The vendors, third-party applications, and employees that have access to data within your Microsoft 365 environment can serve as potential entry points for attackers to carry out account takeovers, privilege escalations, and third-party application abuse. Unfortunately, security teams often lack visibility into the risks to their cloud email environment, because information about the most business-critical configuration settings is scattered across multiple control panes. To help you and your team gain visibility to potential People, Application, and Tenant attack surface areas in Microsoft 365, we have added three new Knowledge Bases: TenantBase, AppBase, and PeopleBase. Each are available as no-cost Platform capabilities for all Abnormal customers.

Added two new fields into the threats event type in the SIEM export schema to provide more granular detail to SOC teams:

1. attack_score - The information is currently shown in the Threat Log > Threat Log Details page.
2. folder_locations - This information is currently shown on the Threat Log > Threat Log Details in the Remediation Options card which says where the email was found.

In addition to tracking updates directly in your D360 portal, customers can now receive email notifications when a D360 case is resolved.

Abnormal has added a REST API endpoint to allow developers to programmatically extract more information from Abuse Mailbox Automation.

The new GET /abuse_mailbox/not_analyzed endpoint allows customers to view a list of end-user-submitted phishing reports, that Abuse Mailbox did not analyze, with the reasons why, and any corresponding details such as reporter, reporter email, reported time, and more.

This endpoint can be used immediately by any customers who have already integrated with the Abnormal API. For integration instructions, see Abnormal REST API Integration Guide.

Improved extraction logic in Abuse Mailbox Automation to surface multi-forwarded and reply phishing reported messages.

Now, when employees submit multi-forwarded email threads to the Abuse Mailbox Automation for analysis, Abnormal will automatically triage and remediate them within seconds, adding to the 4x time savings SOC teams can achieve. The Email Summary view now includes context about forwards or replies within the message. Analysis details will show the origin of the email, i.e. “this email is the first in a thread with two replies.”

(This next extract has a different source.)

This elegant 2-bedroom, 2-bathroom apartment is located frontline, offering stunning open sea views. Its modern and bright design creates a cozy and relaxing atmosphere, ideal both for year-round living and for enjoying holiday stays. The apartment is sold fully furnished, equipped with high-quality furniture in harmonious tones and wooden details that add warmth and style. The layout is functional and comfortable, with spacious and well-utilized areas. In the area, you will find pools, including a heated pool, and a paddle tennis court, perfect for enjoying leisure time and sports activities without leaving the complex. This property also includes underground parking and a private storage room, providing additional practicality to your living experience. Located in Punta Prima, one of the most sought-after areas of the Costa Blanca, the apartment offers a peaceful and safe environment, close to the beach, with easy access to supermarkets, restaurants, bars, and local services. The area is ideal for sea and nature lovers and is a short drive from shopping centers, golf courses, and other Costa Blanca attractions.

Security analysts can locate specific emails more quickly with a new filter and search fields. Customers who have Email Productivity enabled can filter the search to only show Graymail messages. Additionally, customers can now use two new fields to quickly search by:

• Message ID
• Attachment name

Abnormal has enhanced Inbound Email Security's detection model by leveraging behavioral intelligence that identifies more known-good behaviors to identify anomalies in emails that indicate spam. For example, older domains are less likely than young domains to be carrying out this newer type of spam we are now filtering out of inboxes.

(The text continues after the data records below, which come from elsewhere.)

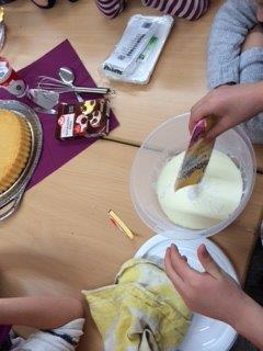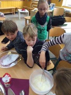 Danach gibst du etwas Milch dazu und rührst weiter,
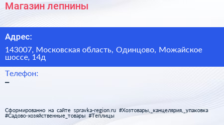 Магазин лепнины по адресу 143007, Московская область, Одинцово, Можайское шоссе, 14д в дальнейшем Организация, размещена в следующих категориях:
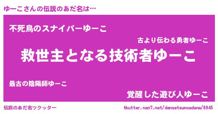 | ヒーロー風カッコイイあだ名 | 『天空の使者ゆーこ』『スーパーユーコ』 |
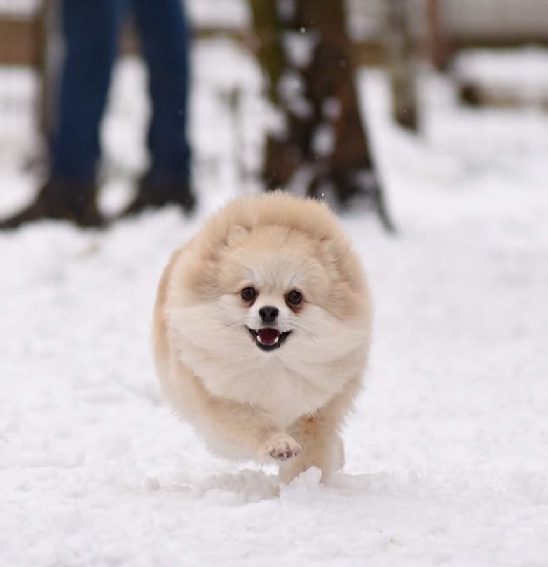 Голова породная, с мягким, гармоничным переходом, хорошим наполнением морды и аккуратной длиной. Уши маленькие, высоко поставленные, глаза выразительные, с тёплым и внимательным взглядом. Общее выражение очень приятное — без резкости, с характерной «улыбкой», которая делает померанцев такими привлекательными.

Inbound Email security now filters twice the volume of spam to a hidden folder, freeing security analysts from having to triage additional user-reported spam reported to their abuse mailbox.

With the addition of the BERT LLM enhancement, Abnormal's detection models can more easily determine if two emails are similar and are part of the same polymorphic email campaign targeting an organization. Additionally, these pre-trained BERT LLMs give Abnormal the ability to understand content and text and the intention of a possible attacker in a highly scalable manner.

Here's an example of the differences a word's meaning can have depending on where it sits within a sentence.

Because BERT can understand the context of word placement in text, it will return different embeddings as vectors that encapsulate the meaning of the word to detect similar spam campaigns.

New API endpoint for customers to fetch a list of Detection 360° reports that they have submitted and view corresponding details for each case, including report summaries, statuses, message analyses, and more.

Customers who have integrated with the Abnormal API can use this endpoint to extract their D360° information. For integration instructions, see the Abnormal REST API Integration Guide.

Threat log now supports the ability to search for attachment name, MD5, and SHA256.